United States Court of Appeals, Eighth Circuit

July 29, 2019

Alexis Bailly Vineyard, Inc., a Minnesota corporation; The Next Chapter Winery, LLC, a Minnesota limited liability company Plaintiffs - Appellants
v.
John Harrington, in his official capacity as Commissioner of the Minnesota Department of Public Safety Defendant-Appellee Adam Ruhland Amicus on Behalf of Appellant(s)

          Submitted: March 14, 2019

          Appeal from United States District Court for the District of Minnesota - Minneapolis

          Before SHEPHERD, ERICKSON, and KOBES, Circuit Judges.

          KOBES, CIRCUIT JUDGE.

         Alexis Bailly Vineyard, Inc. and The Next Chapter Winery, LLC (collectively, Farm Wineries) appeal from an order granting summary judgment to the Commissioner of the Minnesota Department of Public Safety (Commissioner). The district court held that the Farm Wineries lack standing to challenge a Minnesota statute that requires them to manufacture their wine with a majority of the ingredients grown or produced in Minnesota. On appeal, the Farm Wineries claim that the district court erred by granting summary judgment to the Commissioner and ask us to consider the merits of the dispute. We reverse the district court's order granting summary judgment and remand for further proceedings.

         I.

         Minnesota uses a three-tiered alcohol distribution system that separates the functions of manufacturer, wholesaler, and retailer. Retailers cannot manufacture alcohol and manufacturers cannot sell their product directly to retailers or the general public. See Minn. Stat. §§ 340A.301, 340A.401. Alternatively, Minnesota offers a "farm winery" license that allows manufacturers of wine or cider to sell their products directly to retailers and consumers. Minn. Stat. § 340A.315, subd. 2. The Minnesota Farm Wineries Act is part of an effort by Minnesota to "encourage and support the fledgling farm winery industry . . . [and to] nurture grape growing and winemaking." Research Department, Minn. House of Representatives, Farm Wineries, at 1 (June 2012), https://www.house.leg.state.mn.us/hrd/pubs/farmwine.pdf. To qualify as a farm winery, license holders must pay an annual license fee of $50, produce less than 75, 000 gallons of wine annually, and be located on agricultural land. Minn. Stat. § 340A.315, subds. 1, 2, 9. The Act also mandates that a farm winery produce wine "with a majority of the ingredients grown or produced in Minnesota." Id. § 340A.101, subd. 11.

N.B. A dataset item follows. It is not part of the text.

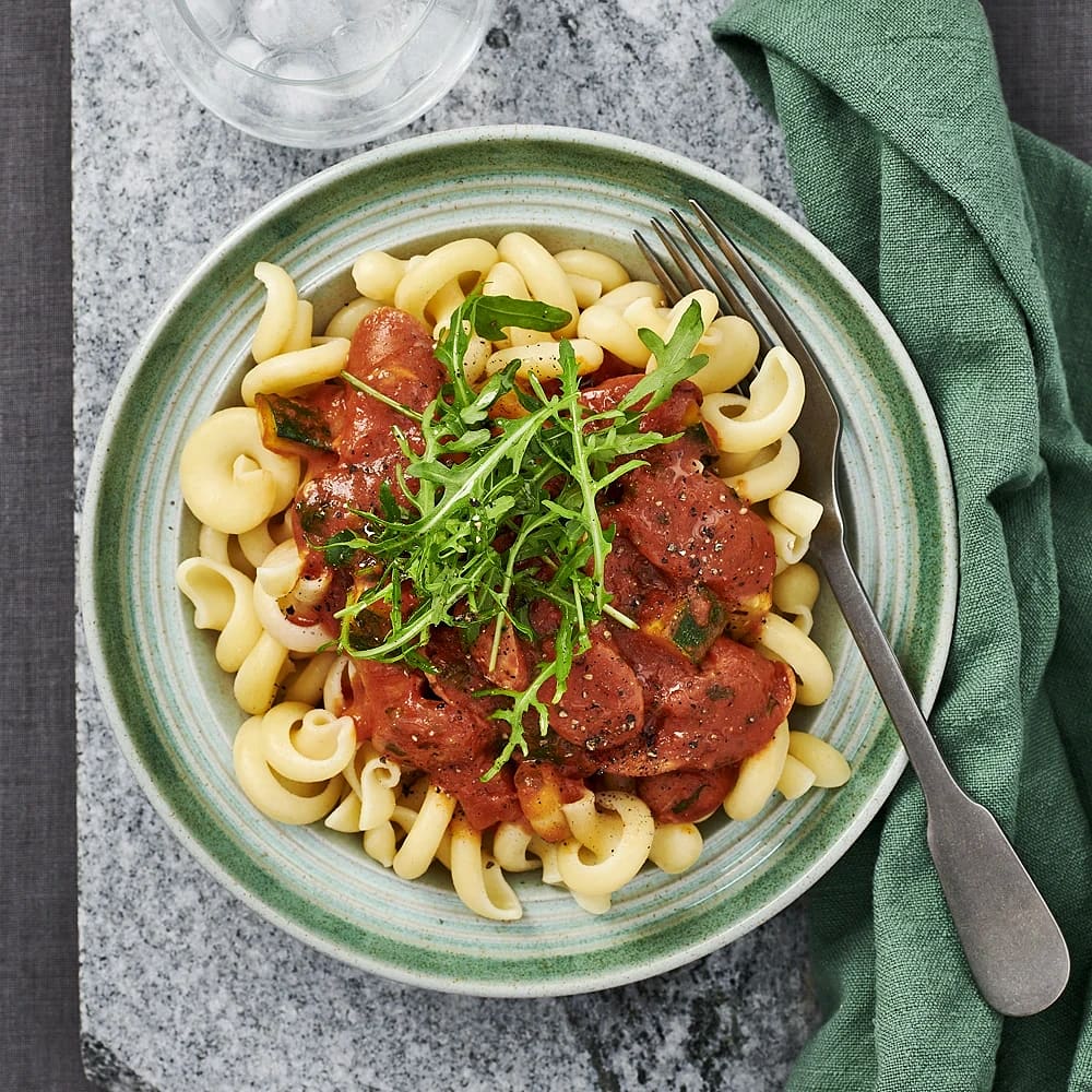 Pasta med tomatsås och salsiccia

         Minnesota recognizes that growing grapes in northern climates is difficult and it may not be possible in some years for farm wineries to source more than half of their ingredients from Minnesota suppliers. So, the Act provides for an "affidavit exception" to the in-state requirement. Farm wineries may file an affidavit stating that "Minnesota-produced or -grown grapes, grape juice, other fruit bases or honey is not available in quantities sufficient to constitute a majority of the . . . wine produced by a farm winery." Minn. Stat. § 340A.315, subd. 4. If the Commissioner agrees, "the farm winery may use imported products" for one year, "after which time the farm winery must use the required amount of Minnesota products . . . unless the farm winery [] files a new affidavit." Id.

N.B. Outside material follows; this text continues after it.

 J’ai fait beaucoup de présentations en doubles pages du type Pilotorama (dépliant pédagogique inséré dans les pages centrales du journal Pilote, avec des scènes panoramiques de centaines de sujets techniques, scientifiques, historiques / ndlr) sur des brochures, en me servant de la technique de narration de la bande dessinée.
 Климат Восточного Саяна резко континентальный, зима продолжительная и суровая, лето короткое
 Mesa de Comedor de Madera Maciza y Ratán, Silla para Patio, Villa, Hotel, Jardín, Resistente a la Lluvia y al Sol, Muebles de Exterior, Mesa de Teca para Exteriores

         The Commissioner has never denied an affidavit request, but he does investigate them and the process is more than a rubber stamp. The Commissioner requires farm wineries to explain why they require an exemption from the in-state requirement and occasionally conducts site visits to ensure compliance. Farm wineries have historically filed affidavit requests when in-state growing conditions made it difficult or impossible for them to purchase enough ingredients from Minnesota growers.

         The Farm Wineries hold farm winery licenses and want to expand their operations. Specifically, the Farm Wineries want to create new varieties, work with higher quality ingredients and more reliable suppliers, and increase the quantity of wine they produce. They argue that the in-state requirement prevents them from doing so.

         In this pre-enforcement action, the Farm Wineries seek a declaration that the Act's in-state requirement violates the dormant Commerce Clause. Following discovery, the parties filed cross-motions for summary judgment. The district court granted the Commissioner's motion, holding that the Farm Wineries did not have standing to challenge the Act. Despite finding that the inability to grow their businesses constituted an injury in fact, the court determined that the Farm Wineries caused their own injuries when they chose to seek a farm winery license instead of a wine manufacturer license. The court therefore held that the Farm Wineries' injuries were not fairly traceable to the statute and that they lacked standing. The Farm Wineries timely appealed.

         II.

         We review the district court's standing analysis de novo. Disability Support All. v. Heartwood Enters., LLC, 885 F.3d 543, 545 (8th Cir. 2018). To establish standing, a plaintiff must show: "(1) a concrete and particularized injury, that (2) is fairly traceable to the challenged conduct, and (3) is likely to be redressed by a favorable decision." Va. House of Delegates v. Bethune Hill, 139 S.Ct. 1945, 1950 (2019). When a plaintiff is the object of government action, "there is ordinarily little question that the action or inaction has caused him injury, and that a judgment preventing or requiring the action will redress it." Lujan v. Defs. of Wildlife, 504 U.S. 555, 561-62 (1992). Because the Farm Wineries are the ...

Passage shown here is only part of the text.